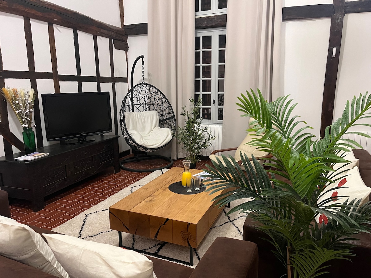 Relájese en este alojamiento tranquilo y elegante. Pequeña casa de estilo champenoise, situada cerca del centro histórico de Troyes, los lagos del Bosque de Oriente, los viñedos y las tiendas de fábrica. En la planta baja tiene una cocina totalmente equipada, una zona de comedor y una zona de estar con televisión. En el mismo nivel, tiene un dormitorio, un baño con ducha y un inodoro. En la planta superior hay dos dormitorios sin tabiques y un escritorio. No se admiten animales.
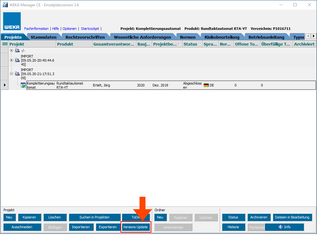 Projekte, die mit älteren Versionen von WEKA Manager CE V3.6 angelegt wurden, können an die neuen Programm-Funktionen in WEKA Manager CE V3.6 auf Knopfdruck angepasst werden.
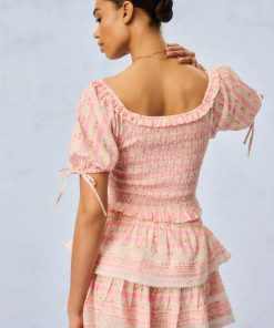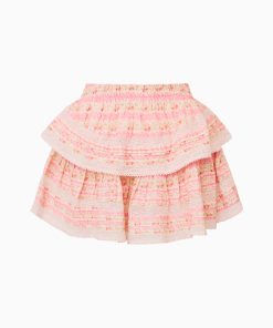 LoveShackFancy Women’s Ruffle Mini Heirloom Print Skirt | Strawberry Macaroon
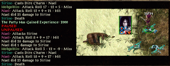 Ardrouine is helped and then Noora tries her luck against a trio of sirines. One sirine is skull-trapped but a second stands beside a skull to cast charm person - Noora is aura’d but saves (rolls 14 with save at 9) and LMD’s the sirine. A third sirine also casts charm person beside a skull, forcing a second save (also 14) and then manages to hit with a poison arrow. Noora retreats until the poisone subsides, heals slightly then tries a final skull trap. She decides to add another skulltrap but gets some
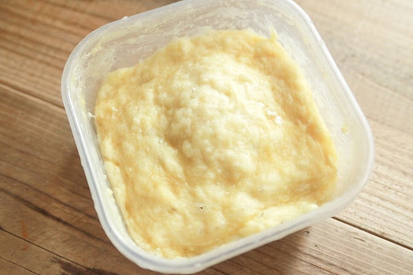 ②少し隙間を空けてフタやラップをかぶせ、600Wの電子レンジで4分加熱する。粗熱がとれたらタッパーから外してできあがり。
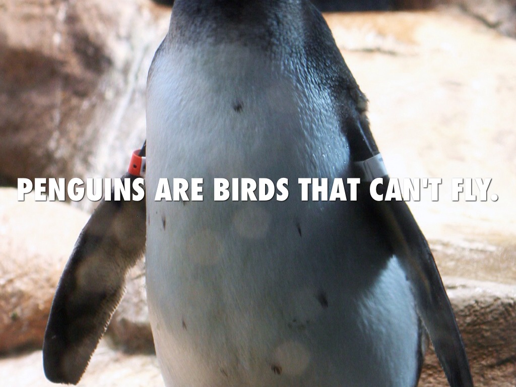 PENGUINS ARE BIRDS THAT CAN'T FLY.
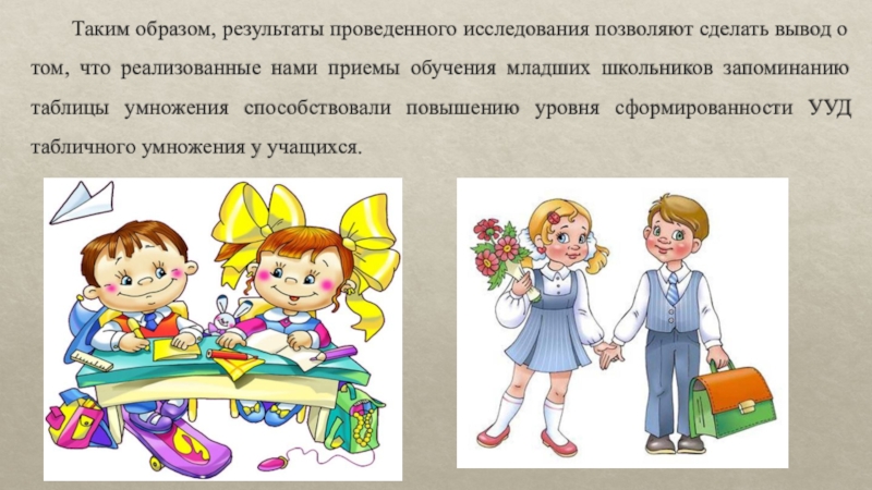 реализованные нами приемы обучения младших школьников запоминанию таблицы умножения способствовали повышению уровня сформированности УУД табличного умножения у учащихся.
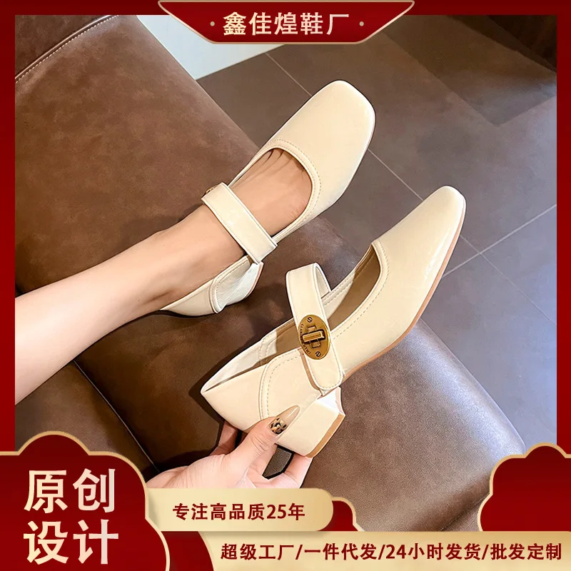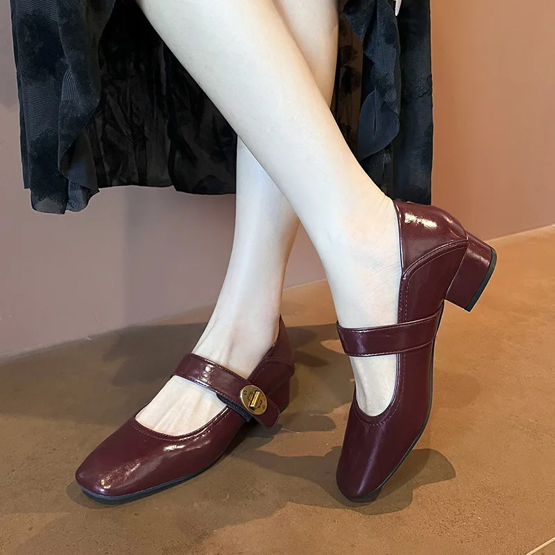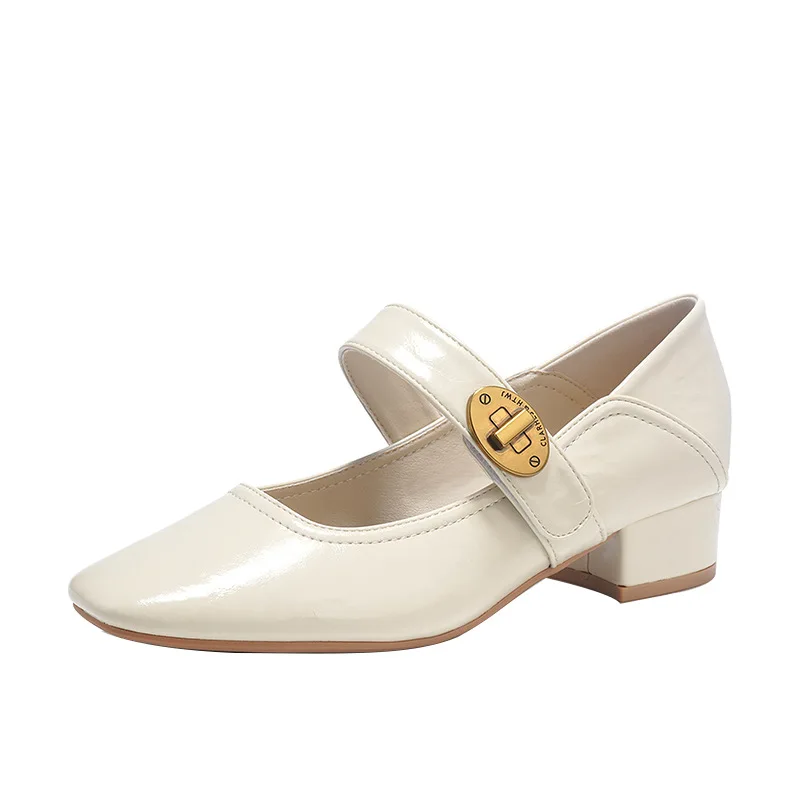 Bejani 1389-1 Women's French Thick Heel Mary Jane Shoes Soft Face Wearable Both Sides Genuine Leather Upper Rubber Outsole

EXERCISE AIM:
Output nothing but the lines from the one containing "LoveShackFancy Women’s Ruffle" to the end of the listing, both ends included, reproduced exactly. Pictures stay out.

RESPONSE BOX:
 LoveShackFancy Women’s Ruffle Mini Heirloom Print Skirt | Strawberry Macaroon
 Ardrouine is helped and then Noora tries her luck against a trio of sirines. One sirine is skull-trapped but a second stands beside a skull to cast charm person - Noora is aura’d but saves (rolls 14 with save at 9) and LMD’s the sirine. A third sirine also casts charm person beside a skull, forcing a second save (also 14) and then manages to hit with a poison arrow. Noora retreats until the poisone subsides, heals slightly then tries a final skull trap. She decides to add another skulltrap but gets some
 ②少し隙間を空けてフタやラップをかぶせ、600Wの電子レンジで4分加熱する。粗熱がとれたらタッパーから外してできあがり。
 PENGUINS ARE BIRDS THAT CAN'T FLY.
 реализованные нами приемы обучения младших школьников запоминанию таблицы умножения способствовали повышению уровня сформированности УУД табличного умножения у учащихся.
 Bejani 1389-1 Women's French Thick Heel Mary Jane Shoes Soft Face Wearable Both Sides Genuine Leather Upper Rubber Outsole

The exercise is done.